Saga Choreography Pattern


Saga choreography distributes saga execution across participating services through event-driven coordination. There is no central coordinator — each service performs its local transaction, publishes an event, and subscribes to events that trigger its next action. This decentralized approach maximizes autonomy and minimizes coupling, making it attractive for systems where team independence and service evolution are paramount.

In a choreographed saga, each service owns its part of the workflow. When the Order Service creates an order, it publishes OrderCreated. The Payment Service subscribes to OrderCreated, processes payment, and publishes PaymentProcessed. The Inventory Service subscribes to PaymentProcessed, reserves stock, and publishes InventoryReserved. The Shipping Service subscribes to InventoryReserved and schedules shipment. The workflow emerges from these chains of reactions.

The strength of choreography is that each service only knows about its own domain events. New services can be added by subscribing to existing events and publishing new ones — no existing service needs to change. This makes choreography highly extensible and aligned with bounded context boundaries. Each team can evolve its service independently as long as event contracts remain compatible.

Error handling in choreography is decentralized but nontrivial. If the Payment Service fails, it publishes PaymentFailed. The Inventory Service must subscribe to PaymentFailed and compensate by releasing the reserved stock. This means each service must know about and handle failure events for the services it depends on. The compensation logic is distributed across services rather than centralized, making it harder to verify correctness.

Consider the order cancellation scenario. The Order Service publishes OrderCancelled. The Payment Service initiates a refund. The Inventory Service releases stock. The Shipping Service cancels the shipment if not yet dispatched. Each service independently handles cancellation. If any compensation fails, that service must retry or escalate. There is no central authority that can enforce the complete compensation sequence.

Monitoring is the most significant challenge. In a choreographed saga, there is no single place to observe the saga's progress. The overall workflow must be reconstructed by correlating events from all participating services. This requires a centralized event store or tracing infrastructure that captures all events with correlation IDs. Tools like event store databases or log aggregators can reconstruct saga state, but this is reactive — the actual workflow execution is still opaque at runtime.
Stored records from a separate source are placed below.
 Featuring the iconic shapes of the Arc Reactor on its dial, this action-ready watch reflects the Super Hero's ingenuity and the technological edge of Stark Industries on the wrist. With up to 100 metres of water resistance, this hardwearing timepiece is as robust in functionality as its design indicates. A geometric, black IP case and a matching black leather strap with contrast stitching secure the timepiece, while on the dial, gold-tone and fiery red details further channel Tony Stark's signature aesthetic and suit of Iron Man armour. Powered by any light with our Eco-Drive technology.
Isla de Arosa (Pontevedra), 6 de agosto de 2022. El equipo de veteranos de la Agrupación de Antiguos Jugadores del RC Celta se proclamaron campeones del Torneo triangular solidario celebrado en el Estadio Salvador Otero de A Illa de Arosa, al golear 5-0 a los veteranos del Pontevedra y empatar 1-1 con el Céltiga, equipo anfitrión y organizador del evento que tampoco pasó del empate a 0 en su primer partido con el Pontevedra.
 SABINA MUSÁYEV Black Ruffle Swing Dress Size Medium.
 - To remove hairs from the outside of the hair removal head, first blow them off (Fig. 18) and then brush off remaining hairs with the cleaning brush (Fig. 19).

Debugging failures requires correlating events across service boundaries. When a saga stalls — a step does not produce the expected event — the cause may be in any participating service. The monitoring team must trace through event logs to find the missing event. This is significantly harder than checking the orchestrator's state in an orchestrated saga.
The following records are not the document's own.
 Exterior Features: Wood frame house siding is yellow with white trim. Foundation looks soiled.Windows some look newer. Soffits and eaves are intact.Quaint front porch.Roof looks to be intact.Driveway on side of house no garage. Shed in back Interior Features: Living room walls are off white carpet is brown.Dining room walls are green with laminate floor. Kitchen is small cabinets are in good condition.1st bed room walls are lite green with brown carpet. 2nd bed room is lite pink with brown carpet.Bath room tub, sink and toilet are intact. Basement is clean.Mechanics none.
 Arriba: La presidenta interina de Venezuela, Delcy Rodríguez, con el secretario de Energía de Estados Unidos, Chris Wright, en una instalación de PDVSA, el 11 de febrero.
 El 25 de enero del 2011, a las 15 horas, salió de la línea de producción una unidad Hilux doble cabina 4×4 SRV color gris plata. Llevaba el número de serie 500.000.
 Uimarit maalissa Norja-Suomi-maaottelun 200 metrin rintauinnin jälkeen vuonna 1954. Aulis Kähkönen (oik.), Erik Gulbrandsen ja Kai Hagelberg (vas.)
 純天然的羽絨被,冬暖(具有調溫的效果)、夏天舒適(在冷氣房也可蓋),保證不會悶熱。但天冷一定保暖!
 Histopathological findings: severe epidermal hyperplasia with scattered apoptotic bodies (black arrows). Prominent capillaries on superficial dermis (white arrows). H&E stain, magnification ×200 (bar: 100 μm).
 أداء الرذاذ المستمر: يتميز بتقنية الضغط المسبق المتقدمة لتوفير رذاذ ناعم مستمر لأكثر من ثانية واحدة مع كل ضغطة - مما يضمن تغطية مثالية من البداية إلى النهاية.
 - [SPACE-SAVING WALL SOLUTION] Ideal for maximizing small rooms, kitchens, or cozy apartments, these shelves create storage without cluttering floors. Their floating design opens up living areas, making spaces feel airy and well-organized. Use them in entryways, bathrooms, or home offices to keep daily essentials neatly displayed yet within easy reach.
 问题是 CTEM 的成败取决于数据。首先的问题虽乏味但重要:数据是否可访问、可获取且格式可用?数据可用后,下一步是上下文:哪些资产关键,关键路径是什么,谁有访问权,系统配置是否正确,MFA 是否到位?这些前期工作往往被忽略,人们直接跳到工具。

When should choreography be preferred over orchestration? Choreography suits sagas with few participants (two or three services), simple compensation logic, and mature event infrastructure. It is ideal when services are owned by independent teams that want to minimize cross-team coordination. It also works well for long-running sagas where the orchestrator would become a bottleneck or single point of failure.

Domain characteristics matter. Sagas where each step is independently useful and compensatable lend themselves to choreography. Sagas that require conditional branching or complex coordination logic are better served by orchestration. A good rule of thumb: if you can describe the saga as a simple linear chain of events, choreography may suffice. If the saga requires any "or," "if," or "while" logic, orchestration is safer.

Production experience suggests starting with orchestration for critical workflows and moving to choreography only when the team demonstrates mature event handling patterns and monitoring infrastructure. The implicit nature of choreographed workflows demands operational maturity that many teams underestimate.